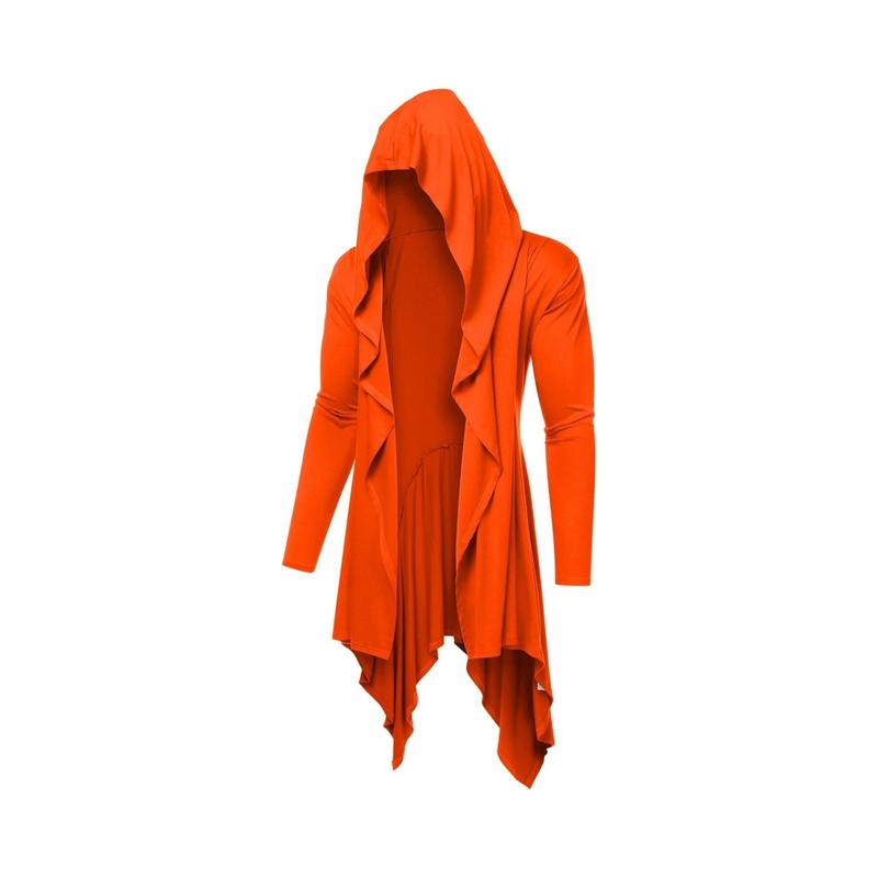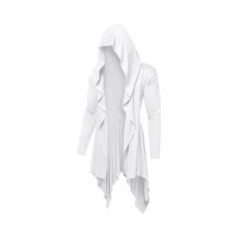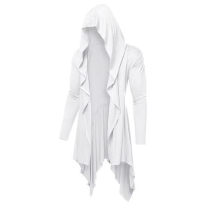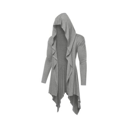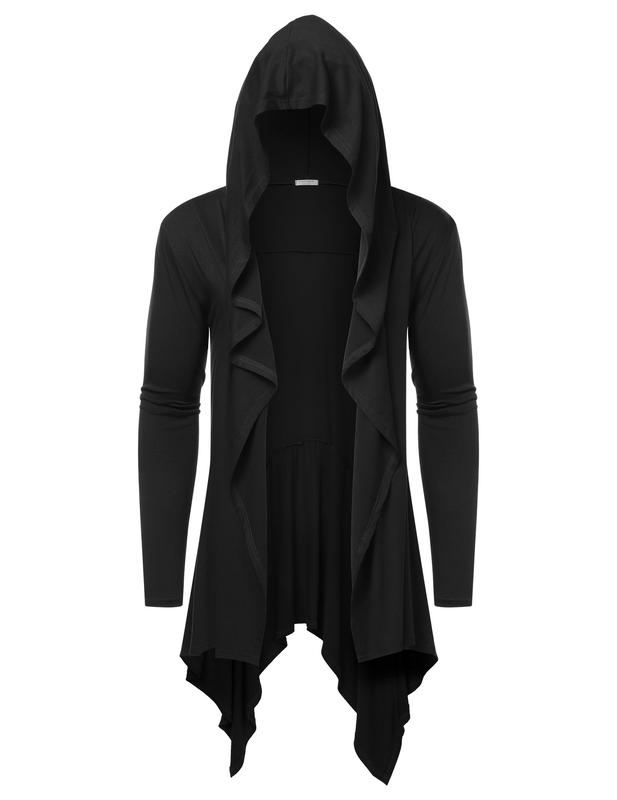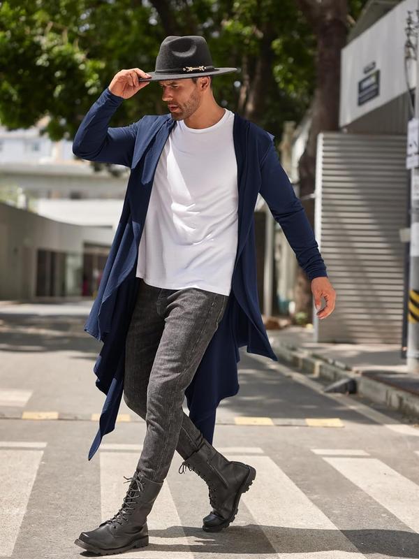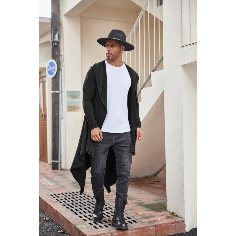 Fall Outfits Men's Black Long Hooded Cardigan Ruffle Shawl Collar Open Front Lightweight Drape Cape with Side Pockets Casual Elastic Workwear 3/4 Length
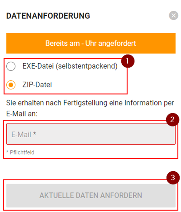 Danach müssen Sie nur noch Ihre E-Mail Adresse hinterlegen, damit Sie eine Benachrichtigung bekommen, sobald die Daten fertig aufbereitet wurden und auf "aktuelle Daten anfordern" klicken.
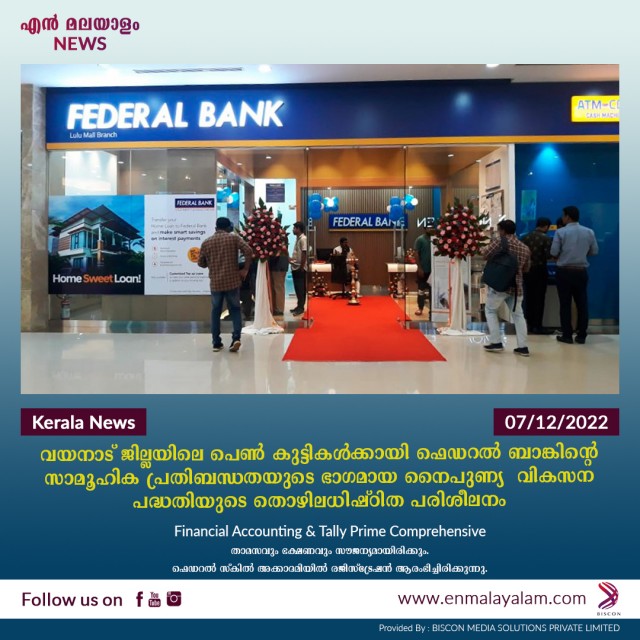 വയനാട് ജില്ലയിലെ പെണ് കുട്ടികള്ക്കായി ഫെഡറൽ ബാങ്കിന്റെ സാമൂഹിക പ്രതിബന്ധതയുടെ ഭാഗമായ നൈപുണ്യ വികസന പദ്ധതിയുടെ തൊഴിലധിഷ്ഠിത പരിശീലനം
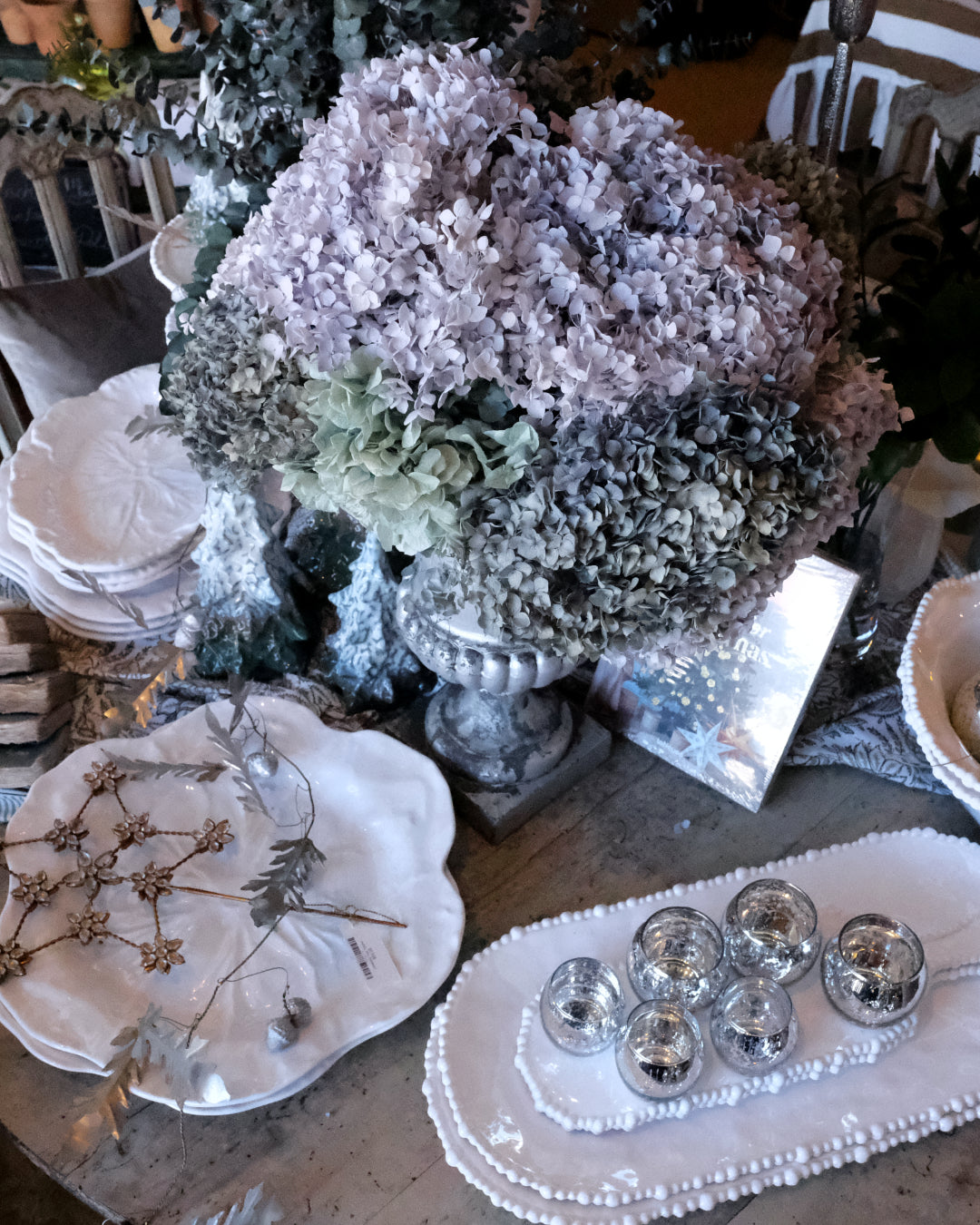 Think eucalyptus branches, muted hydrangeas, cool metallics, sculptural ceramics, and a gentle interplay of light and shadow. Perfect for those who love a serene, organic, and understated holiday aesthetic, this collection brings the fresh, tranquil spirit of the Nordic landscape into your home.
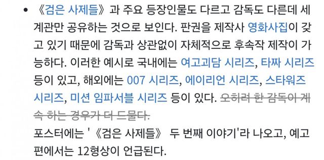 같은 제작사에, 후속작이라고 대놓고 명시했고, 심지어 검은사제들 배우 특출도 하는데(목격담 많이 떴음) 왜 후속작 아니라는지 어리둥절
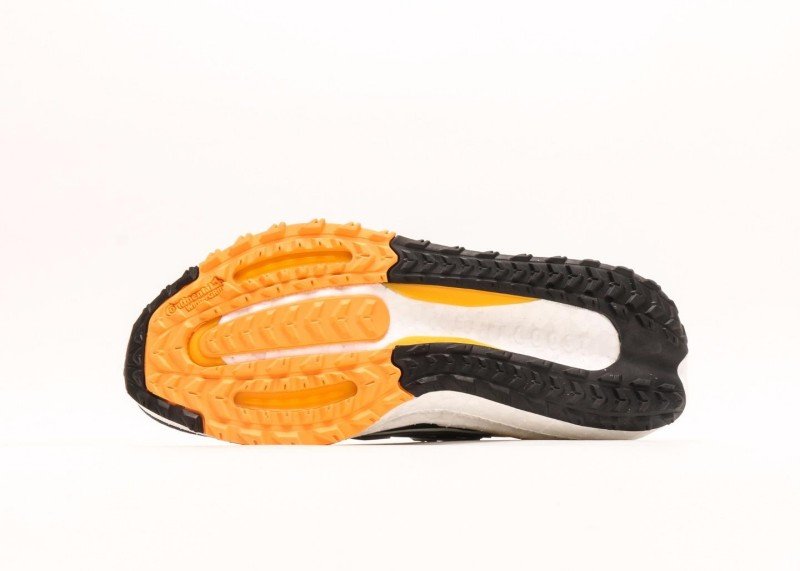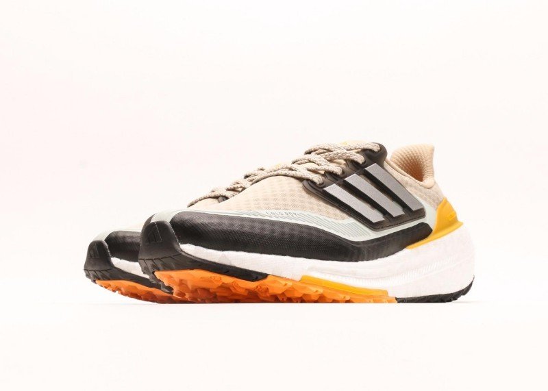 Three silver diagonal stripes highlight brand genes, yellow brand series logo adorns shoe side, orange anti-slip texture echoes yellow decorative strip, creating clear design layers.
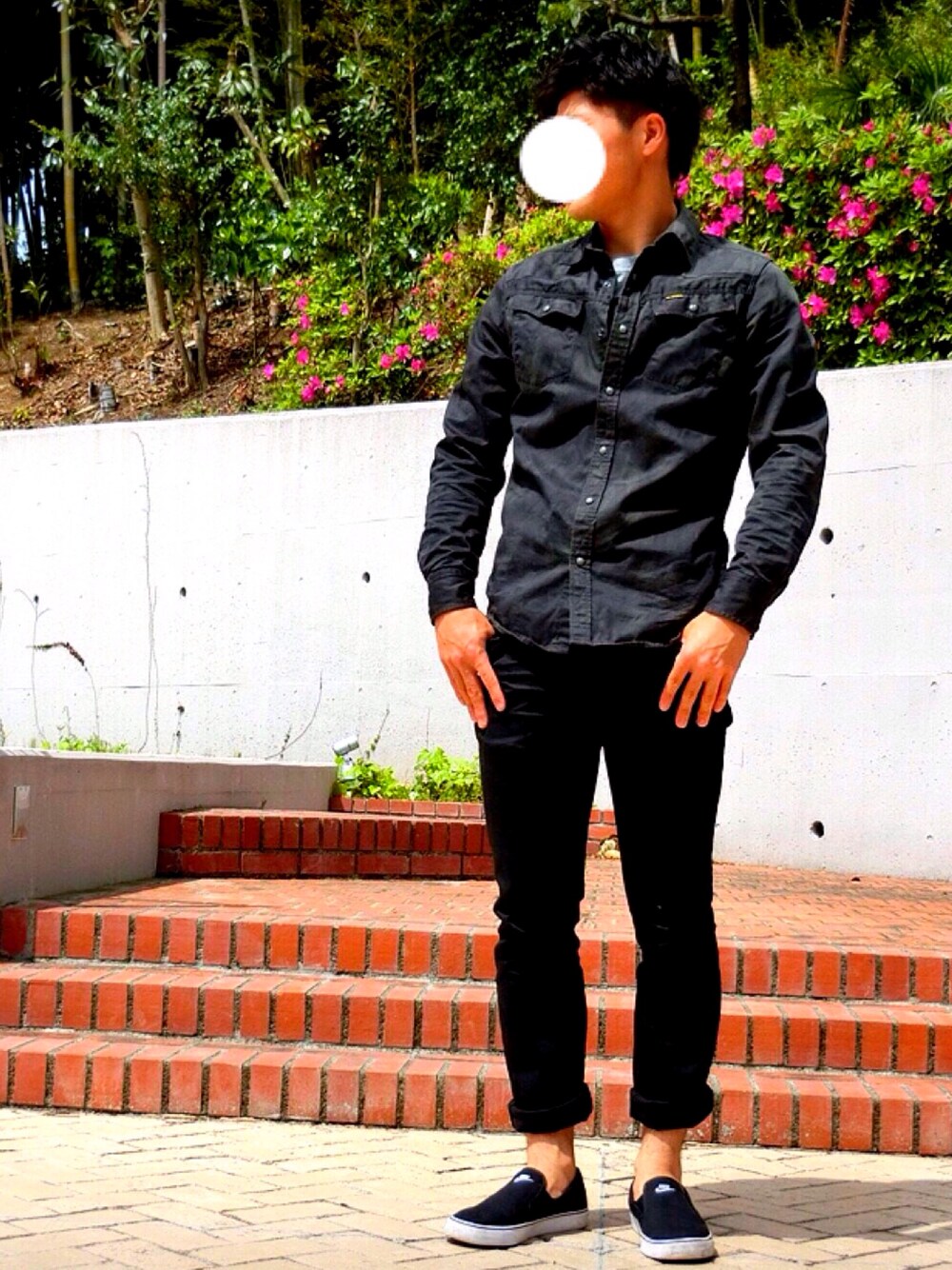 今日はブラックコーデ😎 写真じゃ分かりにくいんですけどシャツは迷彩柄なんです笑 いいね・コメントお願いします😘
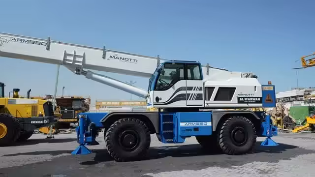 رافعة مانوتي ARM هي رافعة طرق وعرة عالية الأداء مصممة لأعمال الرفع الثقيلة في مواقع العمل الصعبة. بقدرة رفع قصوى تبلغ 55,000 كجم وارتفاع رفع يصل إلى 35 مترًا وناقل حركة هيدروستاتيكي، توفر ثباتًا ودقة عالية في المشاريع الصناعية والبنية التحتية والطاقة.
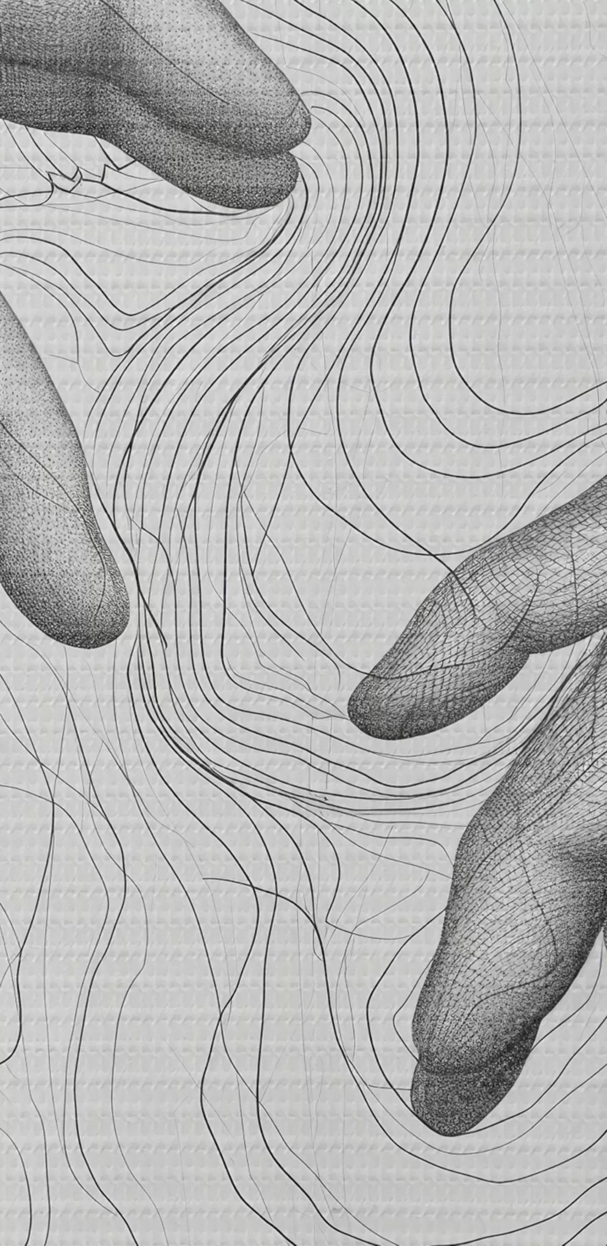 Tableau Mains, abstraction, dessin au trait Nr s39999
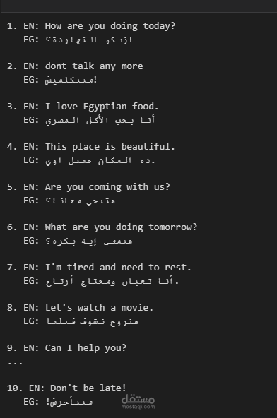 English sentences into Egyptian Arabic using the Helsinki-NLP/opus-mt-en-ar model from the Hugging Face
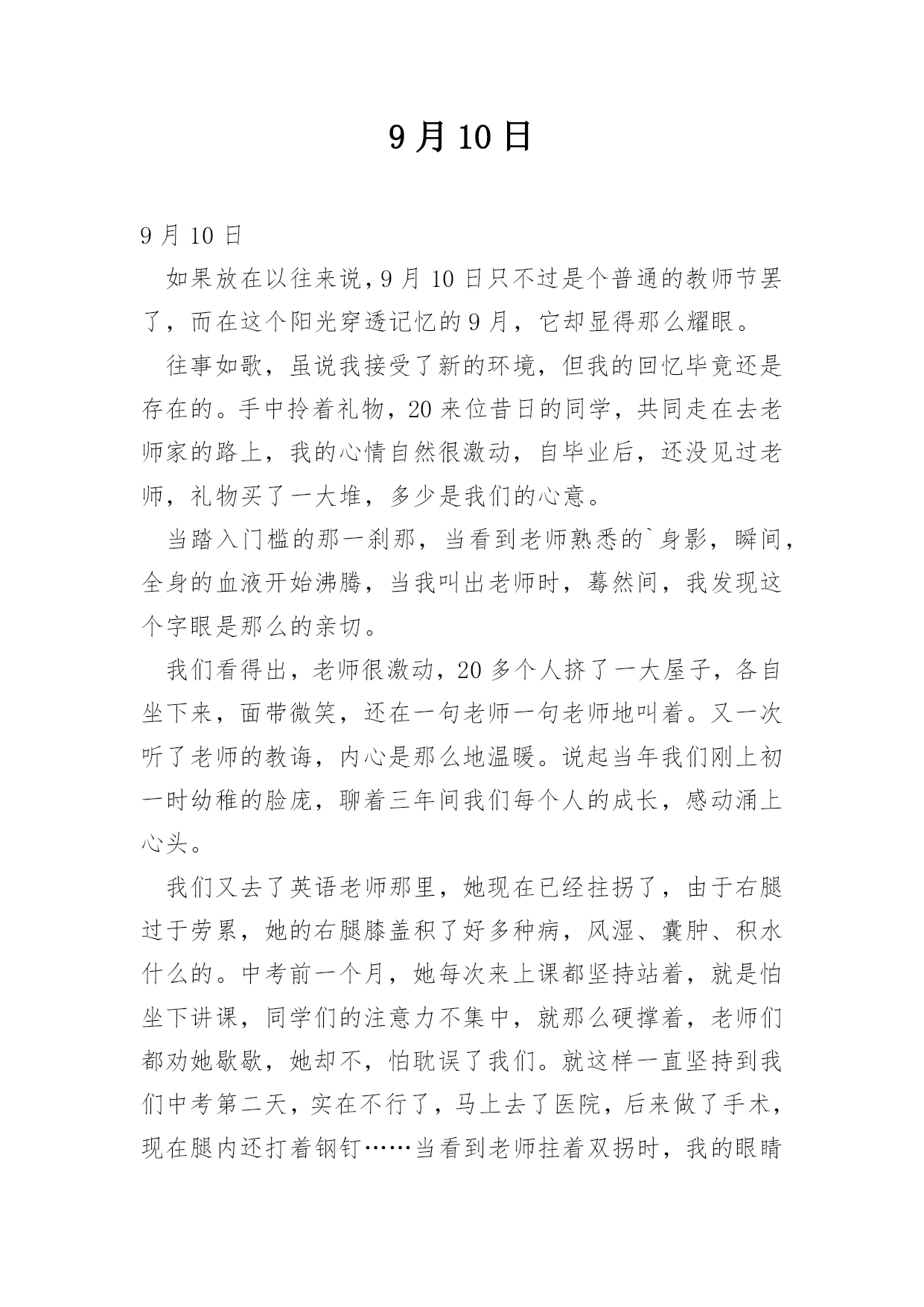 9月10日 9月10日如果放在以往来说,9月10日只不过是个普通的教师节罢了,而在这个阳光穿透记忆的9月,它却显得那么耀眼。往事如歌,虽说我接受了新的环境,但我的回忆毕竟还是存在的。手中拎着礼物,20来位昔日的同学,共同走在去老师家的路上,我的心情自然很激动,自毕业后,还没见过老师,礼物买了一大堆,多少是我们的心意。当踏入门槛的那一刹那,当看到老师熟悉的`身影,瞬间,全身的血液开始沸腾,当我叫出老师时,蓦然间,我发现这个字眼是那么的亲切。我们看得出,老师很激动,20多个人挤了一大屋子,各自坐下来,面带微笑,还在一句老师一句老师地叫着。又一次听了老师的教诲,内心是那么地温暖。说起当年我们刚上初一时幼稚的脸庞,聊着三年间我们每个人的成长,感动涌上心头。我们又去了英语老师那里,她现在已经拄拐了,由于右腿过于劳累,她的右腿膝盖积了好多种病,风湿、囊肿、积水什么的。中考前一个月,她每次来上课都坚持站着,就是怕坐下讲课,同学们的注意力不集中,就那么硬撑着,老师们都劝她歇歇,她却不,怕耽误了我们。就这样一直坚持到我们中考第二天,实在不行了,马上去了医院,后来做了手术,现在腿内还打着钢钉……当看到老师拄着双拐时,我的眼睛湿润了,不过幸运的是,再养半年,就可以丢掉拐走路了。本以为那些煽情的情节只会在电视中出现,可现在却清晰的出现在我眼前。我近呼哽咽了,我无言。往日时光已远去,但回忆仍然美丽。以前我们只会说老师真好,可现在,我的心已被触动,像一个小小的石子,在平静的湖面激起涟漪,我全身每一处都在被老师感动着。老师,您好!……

### What to produce
Only an exact, picture-free copy of the entries counts as the answer.

### Exercise output
 Fall Outfits Men's Black Long Hooded Cardigan Ruffle Shawl Collar Open Front Lightweight Drape Cape with Side Pockets Casual Elastic Workwear 3/4 Length
 Danach müssen Sie nur noch Ihre E-Mail Adresse hinterlegen, damit Sie eine Benachrichtigung bekommen, sobald die Daten fertig aufbereitet wurden und auf "aktuelle Daten anfordern" klicken.
 വയനാട് ജില്ലയിലെ പെണ് കുട്ടികള്ക്കായി ഫെഡറൽ ബാങ്കിന്റെ സാമൂഹിക പ്രതിബന്ധതയുടെ ഭാഗമായ നൈപുണ്യ വികസന പദ്ധതിയുടെ തൊഴിലധിഷ്ഠിത പരിശീലനം
 Think eucalyptus branches, muted hydrangeas, cool metallics, sculptural ceramics, and a gentle interplay of light and shadow. Perfect for those who love a serene, organic, and understated holiday aesthetic, this collection brings the fresh, tranquil spirit of the Nordic landscape into your home.
 같은 제작사에, 후속작이라고 대놓고 명시했고, 심지어 검은사제들 배우 특출도 하는데(목격담 많이 떴음) 왜 후속작 아니라는지 어리둥절
 Three silver diagonal stripes highlight brand genes, yellow brand series logo adorns shoe side, orange anti-slip texture echoes yellow decorative strip, creating clear design layers.
 今日はブラックコーデ😎 写真じゃ分かりにくいんですけどシャツは迷彩柄なんです笑 いいね・コメントお願いします😘
 رافعة مانوتي ARM هي رافعة طرق وعرة عالية الأداء مصممة لأعمال الرفع الثقيلة في مواقع العمل الصعبة. بقدرة رفع قصوى تبلغ 55,000 كجم وارتفاع رفع يصل إلى 35 مترًا وناقل حركة هيدروستاتيكي، توفر ثباتًا ودقة عالية في المشاريع الصناعية والبنية التحتية والطاقة.
 Tableau Mains, abstraction, dessin au trait Nr s39999
 English sentences into Egyptian Arabic using the Helsinki-NLP/opus-mt-en-ar model from the Hugging Face
 9月10日 9月10日如果放在以往来说,9月10日只不过是个普通的教师节罢了,而在这个阳光穿透记忆的9月,它却显得那么耀眼。往事如歌,虽说我接受了新的环境,但我的回忆毕竟还是存在的。手中拎着礼物,20来位昔日的同学,共同走在去老师家的路上,我的心情自然很激动,自毕业后,还没见过老师,礼物买了一大堆,多少是我们的心意。当踏入门槛的那一刹那,当看到老师熟悉的`身影,瞬间,全身的血液开始沸腾,当我叫出老师时,蓦然间,我发现这个字眼是那么的亲切。我们看得出,老师很激动,20多个人挤了一大屋子,各自坐下来,面带微笑,还在一句老师一句老师地叫着。又一次听了老师的教诲,内心是那么地温暖。说起当年我们刚上初一时幼稚的脸庞,聊着三年间我们每个人的成长,感动涌上心头。我们又去了英语老师那里,她现在已经拄拐了,由于右腿过于劳累,她的右腿膝盖积了好多种病,风湿、囊肿、积水什么的。中考前一个月,她每次来上课都坚持站着,就是怕坐下讲课,同学们的注意力不集中,就那么硬撑着,老师们都劝她歇歇,她却不,怕耽误了我们。就这样一直坚持到我们中考第二天,实在不行了,马上去了医院,后来做了手术,现在腿内还打着钢钉……当看到老师拄着双拐时,我的眼睛湿润了,不过幸运的是,再养半年,就可以丢掉拐走路了。本以为那些煽情的情节只会在电视中出现,可现在却清晰的出现在我眼前。我近呼哽咽了,我无言。往日时光已远去,但回忆仍然美丽。以前我们只会说老师真好,可现在,我的心已被触动,像一个小小的石子,在平静的湖面激起涟漪,我全身每一处都在被老师感动着。老师,您好!……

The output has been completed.